Implants and methods for treating inflammation-mediated conditions of the eye

Abstract

Methods for treating inflammation-mediated conditions of the eye are described, comprising: implanting into the vitreous of the eye of an individual a bioerodible implant comprising a steroidal anti-inflammatory agent and a bioerodible polymer, wherein the implant delivers the agent to the vitreous in an amount sufficient to reach a concentration equivalent to at least about 0.05 μg/ml dexamethasone within about 48 hours and maintains a concentration equivalent to at least about 0.03 μg/ml dexamethasone for at least about three weeks.

Claims

1. A method for treating an inflammation-mediated condition of the eye comprising: implanting into the vitreous of the eye a bioerodible implant consisting of a steroidal anti-inflammatory agent and a bioerodible polymer, wherein the implant is produced by an extrusion method, wherein the total weight of the implant is about 500-1000 μg, and wherein the inflammation-mediated condition of the eye is macular edema, acute macular degeneration, retinal detachment, or proliferative vitreoretinopathy (PVR).
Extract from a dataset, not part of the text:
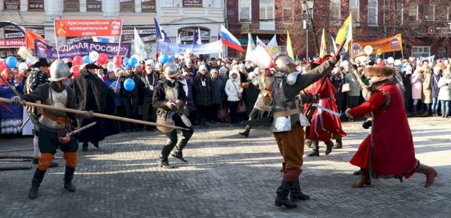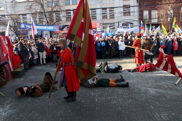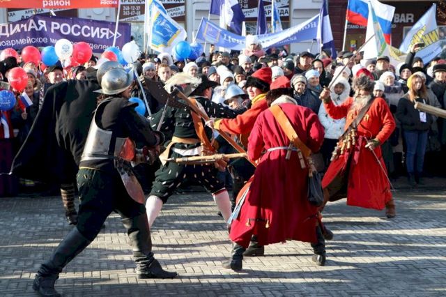 Вскоре после крестного хода на Кировке началась костюмированная реконструкция событий 1612 года. Реконструкторы изобразили сражение народного ополчения и войск польского короля Сигизмунда Третьего.
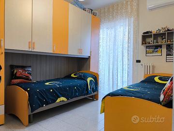 Camera matrimoniale servita da bagno in camera con box doccia e balconcino; cameretta con accesso a un ripostiglio e uscita su ampio balcone; bagno patronale con vasca.

2. The method of claim 1, wherein the bioerodible polymer is a polylactic acid polyglycolic acid (PLGA) copolymer.

3. The method of claim 2, wherein the PLGA copolymer is a 50/50 PLGA copolymer.

4. The method of claim 2, wherein the steroidal anti-inflammatory agent comprises about 10% to 90% by weight of the implant.

5. The method of claim 4, wherein the steroidal anti-inflammatory agent comprises about 50% to about 80% by weight of the implant.

6. The method of claim 5, wherein the steroidal anti-inflammatory agent is dexamethasone.

Description

EXAMPLES

Example 1: Manufacture and In Vitro Testing of Bioerodible Dexamethasone Posterior Segment Drug Delivery System (DEX PS DDS®)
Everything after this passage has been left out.